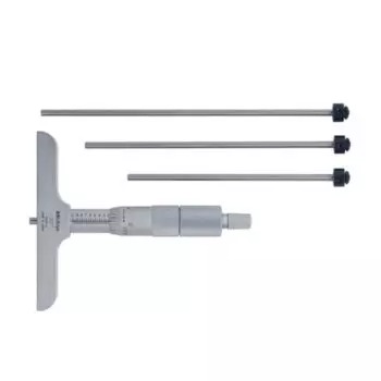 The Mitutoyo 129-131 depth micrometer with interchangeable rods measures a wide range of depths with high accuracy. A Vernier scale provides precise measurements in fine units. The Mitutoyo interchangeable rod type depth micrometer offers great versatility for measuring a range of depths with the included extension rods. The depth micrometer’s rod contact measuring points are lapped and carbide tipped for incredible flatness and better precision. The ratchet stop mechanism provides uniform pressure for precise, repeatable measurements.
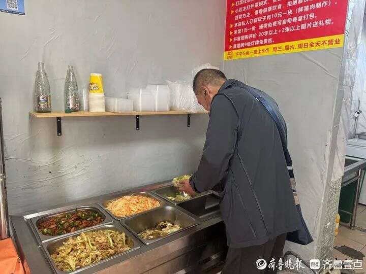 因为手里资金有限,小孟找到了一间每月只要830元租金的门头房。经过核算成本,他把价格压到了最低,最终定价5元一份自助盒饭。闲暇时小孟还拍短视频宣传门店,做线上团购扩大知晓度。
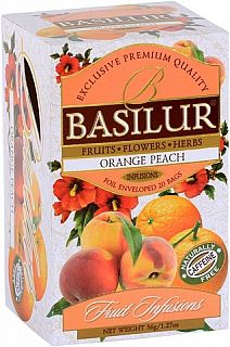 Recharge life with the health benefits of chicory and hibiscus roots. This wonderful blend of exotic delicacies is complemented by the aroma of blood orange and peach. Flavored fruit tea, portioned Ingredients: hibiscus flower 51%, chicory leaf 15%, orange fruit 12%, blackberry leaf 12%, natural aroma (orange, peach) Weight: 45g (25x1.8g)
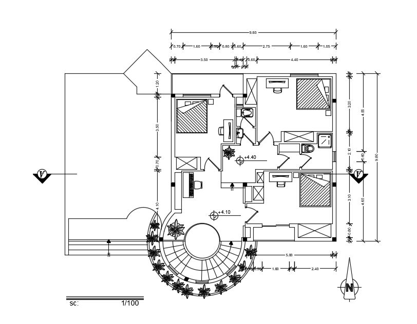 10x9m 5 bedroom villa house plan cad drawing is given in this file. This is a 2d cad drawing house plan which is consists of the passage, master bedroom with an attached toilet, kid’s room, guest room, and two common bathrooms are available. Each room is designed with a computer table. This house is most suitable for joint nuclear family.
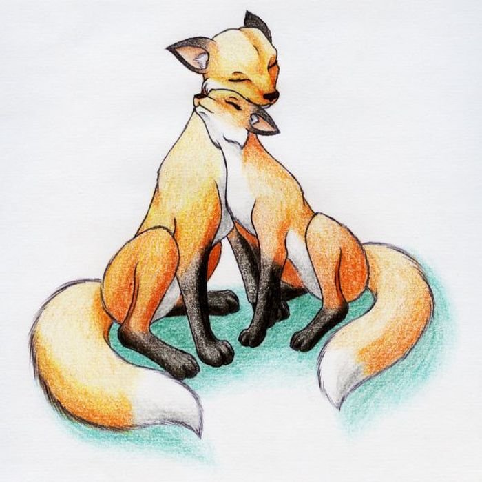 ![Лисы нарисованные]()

━━━━━━

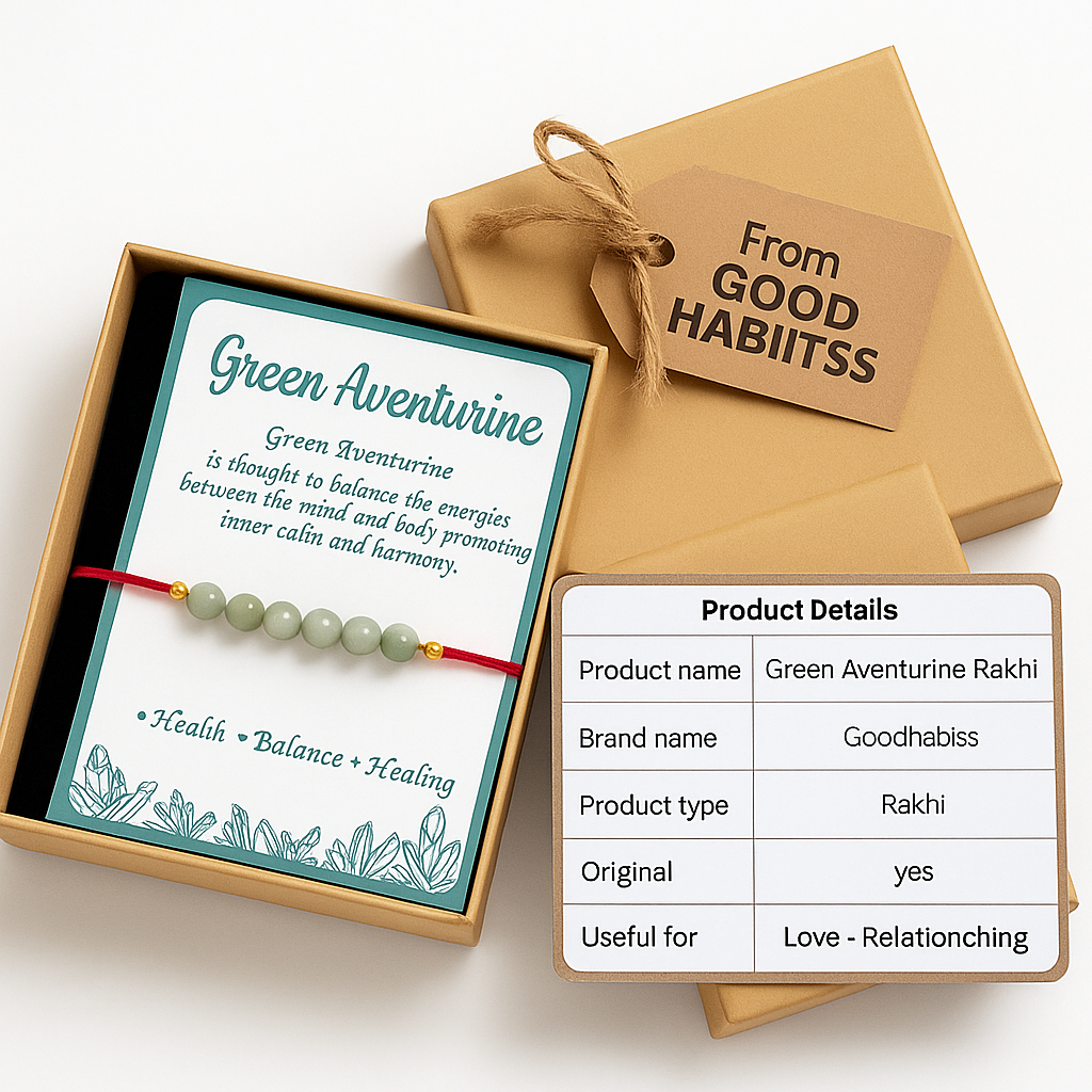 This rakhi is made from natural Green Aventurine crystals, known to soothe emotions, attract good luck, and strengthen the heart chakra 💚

━━━━━━

- _Exercise directions_
Exactly as written above, retype the lines starting at the one holding "因为手里资金有限,小孟找到了" and ending at the one holding "Recharge life with", both included, but not the pictures.

- _Exercise response_
 因为手里资金有限,小孟找到了一间每月只要830元租金的门头房。经过核算成本,他把价格压到了最低,最终定价5元一份自助盒饭。闲暇时小孟还拍短视频宣传门店,做线上团购扩大知晓度。
 Recharge life with the health benefits of chicory and hibiscus roots. This wonderful blend of exotic delicacies is complemented by the aroma of blood orange and peach. Flavored fruit tea, portioned Ingredients: hibiscus flower 51%, chicory leaf 15%, orange fruit 12%, blackberry leaf 12%, natural aroma (orange, peach) Weight: 45g (25x1.8g)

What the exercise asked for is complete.